Recently, various multi-view video application fields have been studied, and research on freeview TV (FTV), 3-D TV, surveillance, immersive teleconferencing, etc. has been actively conducted.
In order to acquire a multi-view video, a multi-view camera array is constructed by arranging a multi-view camera in a predetermined form.
There are various types of multi-view camera arrays. Among such arrays, a parallel array and an arc array are mainly used, and such arrays can be composed of one-dimensional or two-dimensional arrays. For each multi-view camera array, each camera is placed at a regular distance and angle from the neighboring cameras. In practice, various types of multi-view camera array can be constructed considering the number of cameras, scene, and purpose.
However, the multi-view video has an inevitable geometric error due to errors that occur when placing the cameras according to the multi-view camera array.

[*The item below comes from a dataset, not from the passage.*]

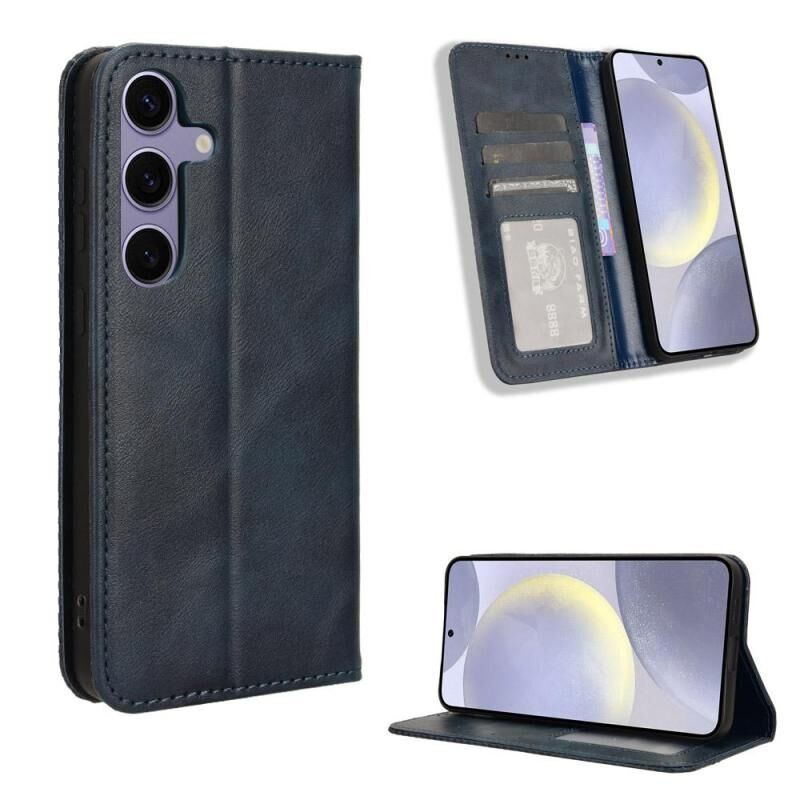 Για Samsung Galaxy S24 FE 5G Μαγνητική πόρπη ρετρό υφή δερμάτινη θήκη τηλεφώνου (μπλε)

These errors represent geometric errors in the one-dimensional parallel camera array and the one-dimensional arc camera array. In principle, the multi-view camera array is set to keep the array intervals and angles of the cameras constant, but when placing the cameras according to the multi-view camera array, errors occur due to the problem of manually placing the cameras. This error refers to the inconsistency of internal parameters such as camera position, direction, and focal length. Thereby, the geometric error in multi-view video makes it difficult to match multiple images of multi-view video.
This can affect the time and accuracy of the matching between images, that is, the three-dimensional image processing technique based on the correlation-depth map generation, intermediate image generation, etc., thereby affecting the coding efficiency. In addition, there is a problem that it is difficult to obtain a smooth viewpoint change in viewing the generated multi-view video. Therefore, a method for compensating the above-described geometric error is required.
In the case of a stereo camera system, image rectification can be used to solve the above described problem. The image rectification method is a method in which all the epipolar lines of two images are paralleled such that the vertical mismatch is straightened.
When image rectification is performed, two image planes are located on the same plane, and corresponding points of the two images have the same vertical coordinate.
However, there are relatively few studies on the correction of geometric errors in multi-view video and there are not many available algorithms.